§ **PROVIDED INFORMATION**:
━━━━━━━━━━━━━━━━━━━━

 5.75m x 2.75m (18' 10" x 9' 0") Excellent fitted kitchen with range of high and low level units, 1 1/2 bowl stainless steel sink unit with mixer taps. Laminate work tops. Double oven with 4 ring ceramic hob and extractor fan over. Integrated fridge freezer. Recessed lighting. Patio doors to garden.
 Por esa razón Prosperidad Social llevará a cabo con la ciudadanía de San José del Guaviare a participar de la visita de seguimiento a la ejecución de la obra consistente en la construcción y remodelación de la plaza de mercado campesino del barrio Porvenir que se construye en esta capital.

━━━━━━━━━━━━━━━━━━━━

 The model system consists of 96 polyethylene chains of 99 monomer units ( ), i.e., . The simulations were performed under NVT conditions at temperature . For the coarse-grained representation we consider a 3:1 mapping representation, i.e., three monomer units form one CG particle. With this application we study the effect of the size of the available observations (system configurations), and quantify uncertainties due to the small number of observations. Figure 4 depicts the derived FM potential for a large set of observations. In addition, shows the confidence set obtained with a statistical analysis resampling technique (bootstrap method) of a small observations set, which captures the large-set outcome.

━━━━━━━━━━━━━━━━━━━━

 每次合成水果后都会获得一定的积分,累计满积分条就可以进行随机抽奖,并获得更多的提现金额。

━━━━━━━━━━━━━━━━━━━━

§ **PROMPT**: In the entries above, find the line holding "5.75m x 2.75m" and the line holding "Por esa razón", then retype exactly those two lines and every line between them, and nothing else.

§ **SOLUTION TO THIS PROBLEM**:
 5.75m x 2.75m (18' 10" x 9' 0") Excellent fitted kitchen with range of high and low level units, 1 1/2 bowl stainless steel sink unit with mixer taps. Laminate work tops. Double oven with 4 ring ceramic hob and extractor fan over. Integrated fridge freezer. Recessed lighting. Patio doors to garden.
 Por esa razón Prosperidad Social llevará a cabo con la ciudadanía de San José del Guaviare a participar de la visita de seguimiento a la ejecución de la obra consistente en la construcción y remodelación de la plaza de mercado campesino del barrio Porvenir que se construye en esta capital.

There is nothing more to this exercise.